O CINEMA DE BUTECO ADVERTE: A crítica do filme Nefarious possui spoiler e deverá ser apreciada com moderação.
É FRUSTRANTE QUANDO BOAS IDEIAS NÃO SE TRANSFORMAM EM BONS FILMES. Nefarious (Chuck Konzelman e Cary Solomon, 2023) é um belo exemplo prático para ilustrar a frustração.
O conceito da produção é promissor, imaginem só, um psiquiatra é levado para examinar um prisioneiro prestes a ser executado. Quando chega para examinar o criminoso, escuta que ele é o próprio demônio. Mas a execução precária deixa os méritos apenas para o campo do que poderia ter sido, já que a obra deixa muito a desejar na parte técnica.
Começando pelas atuações: o diabão é vivido por Sean Patrick Flanery, ator cujo principal crédito é Energia Pura (Powder, Victor Salva, 1995), um clássico do Cinema em Casa. Ele até se esforça com caras e bocas, muda o tom de voz, o jeito de olhar, mas peca especialmente na linguagem corporal. Se a intenção era viver o capiroto e o homem, ele fracassou. Não dá para sentir uma diferença forte de uma atuação para a outra. Para efeito de comparação, James McAvoy, em Fragmentado (Split, M. Night Shyamalan, 2016) ensina como é que deveria ter sido feito.
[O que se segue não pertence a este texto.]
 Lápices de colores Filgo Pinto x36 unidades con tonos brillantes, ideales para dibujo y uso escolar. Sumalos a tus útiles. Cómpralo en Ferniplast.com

Contracenando com Flanery, temos o canastrão Jordan Belfi interpretando o psiquiatra ateu, que, de forma previsível, deixa o seu ceticismo de lado para acreditar que está diante o próprio coisa ruim. A interação entre os dois é tão fraca, que fiquei entediado e cochilei várias vezes. Fui obrigado a fazer uma revisão para escrever a análise.
O roteiro, em um primeiro momento (e vamos voltar para isso daqui a pouco) até tenta parecer inteligente. Afinal, estamos falando do capiroto em pessoa. Ele não é burro. Enquanto é examinado pelo médico, o paciente demoníaco fala muitas coisas inteligentes, quase como se fosse o próprio compositor do Engenheiros do Hawaii. O problema é que, assim como acontece quando analisamos as letras, elas não são tão espertas assim. Mas, pelo menos, Humberto Gessinger é mais honesto que os seis braços responsáveis pelo roteiro.
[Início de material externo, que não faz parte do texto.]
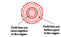 Another visual tool for representing electric fields are field lines, which show the direction a positive test charge would move if placed in the field, with arrows to indicate direction, and density of lines in some area correlating to the relative strength of the field at that location.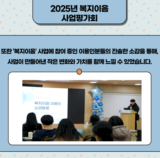 또한 ‘복지이음’사업에 참여 중인 이용인분들의 진솔한 소감을 통해, 사업이 만들어낸 작은 변화와 가치를 함께 느낄 수 있었습니다.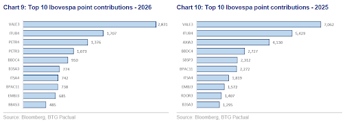 Esse fluxo gigante está entrando primeiro nas maiores e mais líquidas ações do Ibovespa: Vale, Petrobras, Itaú, B3, BTG Pactual, Bradesco, Banco do Brasil, e Embraer.

Os diálogos criam várias situações convenientes para ajudar a evoluir a narrativa. Aqui, claro, é uma questão um pouco pessoal. Pode ser que funcione para você, mas explodi a minha cota de roteiro “inteligente” com a franquia Jogos Mortais e a série Prison Break. Por exemplo, nos monólogos cheios de lições de moral do dono da tábua de assar jiló do inferno, ele conecta acontecimentos da vida do médico – alguns que aconteceram paralelamente ao exame e outros que estão por vir. E sempre com um papo conservador e moralista.
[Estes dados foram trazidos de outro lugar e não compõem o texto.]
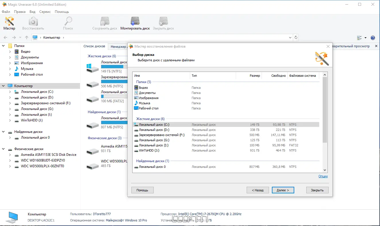 Magic Uneraser — программа для восстановления удалённых файлов с жёстких дисков, флешек, карт памяти и других носителей. Поддерживает все основные файловые системы, включая NTFS, FAT, exFAT, Ext, HFS+, APFS и другие. Позволяет восстанавливать данные после форматирования, с повреждённых или отключённых разделов, а также с носителей, с которых файлы были удалены без использования корзины.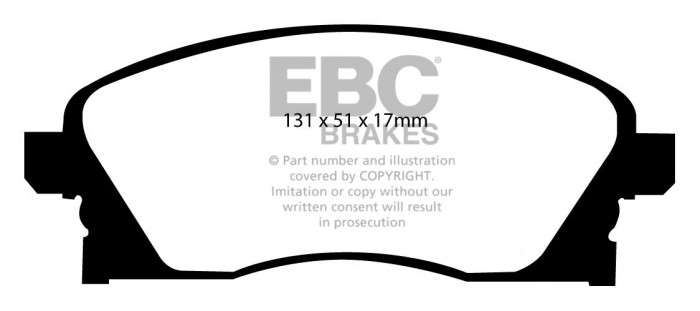 Przeznaczone do wymagających warunków jazdy miejskiej, charakteryzują się podwyższoną skutecznością hamowania aż do 600°C. Klocki hamulcowe EBC Greenstuff wyróżnia wysoka początkowa siła hamowania, dająca kierowcy poczucie pewności od pierwszego naciśnięcia pedału hamulca. Można by powiedzieć że nie ma czegoś takiego jak niepylące okładziny cierne. Istotą działania hamulców jest wytwarzanie pewnych ilości pyłu, co pozwala uniknąć wibracji tarczy hamulcowej (tzw. shimmingu). Pylenie klocków hamulcowych jest nasilone w okresie ich docierania, szczególnie w przypadku zużytych tarcz hamulcowych. W porównaniu z większością innych, klocki EBC Green Stuff generują mniejsze ilości pyłu i jest on łatwiej zmywalny. Nominalny współczynnik tarcia 0,55. Do cięższych i szybszych samochodów oraz tych wyposażonych w silniki o mocy przekraczającej 200 KM stanowczo zalecamy produkty z serii Redstuff, które wyróżniają się jeszcze mniejszym pyleniem.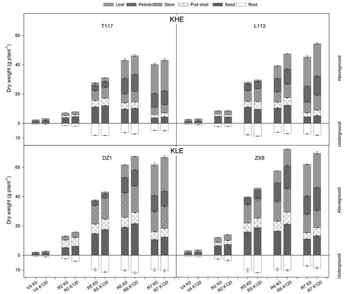 鮮食大豆俗稱“毛豆”,是一種于鮮莢期采收的特用大豆類型。鮮食大豆的營養(yǎng)價值豐富,是公認的營養(yǎng)保健食品。同時,鮮食大豆又是一種喜鉀作物,其產(chǎn)量和品質(zhì)的形成對鉀素的豐缺十分敏感。目前,面對黑土退化、地力下降等嚴峻形勢,充分發(fā)揮作物對鉀素的吸收利用效率是緩解土壤鉀素供應不足、實現(xiàn)資源高效持續(xù)利用的重要手段。為此,鉀高效型鮮食大豆的選育及其對鉀素的高效吸收利用機制解析尤為關鍵。

Incrédulo com os elogios que a obra recebeu (nota 6,4, no IMDb, no momento em que publico esta crítica) e com um vídeo empolgado do CinePop no Instagram, decidi pesquisar no Google sobre a produção. Se Nefarious havia me incomodado pelo potencial desperdiçado, passou a me causar repulsa pelos argumentos dos seus defensores.
Aparentemente, a obra é um terror cristão (alô, meta terror! Você ganhou um irmão!) e transforma eutanásia, aborto, ateísmo, dentre outros, em ações do mestre do Toninho do Diabo. Fui mergulhar nos comentários do Google para ver a opinião dos (verdadeiros) especialistas e quis vomitar. Descobri que existe um hype (de 100 pessoas) em cima de Nefarious e todos repetindo as mesmas asneiras. Escrevi metade dessa crítica SEM ter feito a pesquisa para saber mais da obra e deixei para fazer isso na parte final. É lamentável que a Direita seja formada por gente com tão baixo percentual de atividade cerebral e tão desprovidos de cultura, que têm a coragem de chamar Nefarious de “melhor filme de possessão demoníaca já feito”. Quero arrancar meus olhos, sabe.
Mesmo sabendo de ser mais uma propaganda de direita, assim como o fraco O Som da Liberdade, Nefarious continua sendo uma obra que fracassa na sua execução, mesmo com uma excelente ideia. Triste constatar que quem teve a ideia, infelizmente, está com a cabeça atolada no próprio rabo de Lúcifer.
Nefarious tem previsão de estreia nos cinemas brasileiros em 2 de novembro de 2023.